We are also interested in if there are differences between bacteria that are known to be uropathogens or are potential commensals.

ps_Lactobacillus <- subset_taxa(ps_norm, Genus == "Lactobacillus")
ps_Prevotella <-  subset_taxa(ps_norm, Genus == "Prevotella")
ps_Gardnerella <-  subset_taxa(ps_norm, Genus == "Gardnerella")
ps_Escherichia <- subset_taxa(ps_norm, Genus == "Escherichia/Shigella")
ps_Enterococcus <- subset_taxa(ps_norm, Genus == "Enterococcus")
ps_Corynebacterium <-  subset_taxa(ps_norm, Genus == "Corynebacterium")
ps_Klebsiella <-  subset_taxa(ps_norm, Genus == "Klebsiella")
ps_Staphylococcus <- subset_taxa(ps_norm, Genus == "Staphylococcus")

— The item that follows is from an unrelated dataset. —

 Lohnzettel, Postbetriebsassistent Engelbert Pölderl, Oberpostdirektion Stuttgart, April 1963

select_summary <- cbind(Lactobacillus = sample_sums(ps_Lactobacillus),Prevotella = sample_sums(ps_Prevotella), Gardnerella = sample_sums(ps_Gardnerella), Escherichia = sample_sums(ps_Escherichia), Staphylococcus = sample_sums(ps_Staphylococcus), Klebsiella = sample_sums(ps_Klebsiella), Corynebacterium = sample_sums(ps_Corynebacterium), Enterococcus = sample_sums(ps_Enterococcus) )

ps_select_taxa  <- phyloseq(otu_table(select_summary, taxa_are_rows = FALSE), sample_data(meta))

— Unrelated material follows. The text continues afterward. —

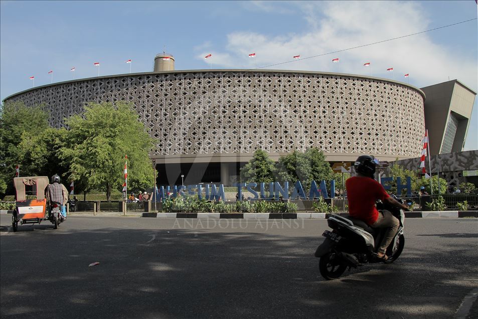 Seorang pengendara melintas di depan Museum Tsunami Aceh yang terletak di Banda Aceh, Indonesia, pada 19 Agustus 2019. Museum ini dibangun pada 2007 bertujuan untuk mengedukasi masyarakat tentang gempa dan tsunami Aceh 2004 silam, serta menjadi tempat mitigasi bencana alam. Khalis Surry

ps_taxa_melt <- psmelt(ps_select_taxa)

taxa_summary <- ps_taxa_melt %>%
  group_by(OTU, kit) %>%
   summarise(
    sd = sd(Abundance, na.rm = TRUE),
    mean_abd = mean(Abundance),
    med_abd = median(Abundance))
  
  
fig5 <- ggplot(taxa_summary, aes(kit,mean_abd , fill = kit)) +
  geom_bar(stat = "identity", color = "black") +
  geom_errorbar(aes(ymin = mean_abd, ymax = mean_abd+sd), width = 0.2) + 
  scale_fill_manual(values = wes_palette("IsleofDogs1")) +
  facet_wrap(~OTU, scales = 'free_y', ncol= 4) + 
  ggtitle('Average relative abundance of select urobiome genera by kit ') +
  labs(y = 'Relative Abundance', x = 'Kit', fill = "Kit") +
  theme_classic() + 
  theme(
    axis.text.x = element_text(angle = 75, hjust = 1, size = 10),
    plot.title = element_text( size = 10 ), 
    legend.key.size = unit(.7,"line"),
    strip.text.x = element_text(size = 8, margin = margin(.1, 0, .1, 0, "cm" ), face = "italic")) 
fig5

Calculate stats of differences of individual bacteria per kit

ind_bact_test <- ps_taxa_melt %>% 
  select(OTU, Abundance, kit) %>%
  nest(-OTU) %>% 
  mutate(model = map(data, ~kruskal.test(Abundance ~ kit, .)), 
         tidy = map(model, broom::tidy)) %>% 
select(OTU, tidy) %>% 
unnest(.)

ind_bact_test %>%
  select(OTU, p.value) %>%
  kable(caption = 'Kruskal-Wallis test of bacterial abundance by kit') %>%
  kable_styling()
Kruskal-Wallis test of bacterial abundance by kit
OTU p.value
Lactobacillus 0.9724062
Escherichia 0.3146390
Gardnerella 0.9914122
Corynebacterium 0.2200768
Prevotella 0.9840616
Staphylococcus 0.4374412
Klebsiella 0.4604939
Enterococcus 0.1021204
# explore select individual bacteria with pair-wise comparisons
ps_taxa_melt %>%
  filter(OTU == "Enterococcus") %>%
  with(., pairwise.wilcox.test(Abundance, kit, p.adjust.method = "none"))
## 
##  Pairwise comparisons using Wilcoxon rank sum test with continuity correction 
## 
## data:  Abundance and kit 
## 
##              BiOstic Blood&Tissue PowerSoil Promega
## Blood&Tissue 0.581   -            -         -      
## PowerSoil    0.115   0.361        -         -      
## Promega      0.018   0.079        0.329     -      
## UltraClean   0.105   0.302        0.788     0.509  
## 
## P value adjustment method: none

Summary of Results - Individual bacteria

Overall, we found a few differences in recovery of specific bacteria, though none of these findongs were significant in our small sample. The Promega kit tended to recover fewer Gram positive bacteria (Corynebacteria, Enterococci, and Staphylococci) and the PowerSoil kit recovered more Escherichia and Klebsiella compared to other kits.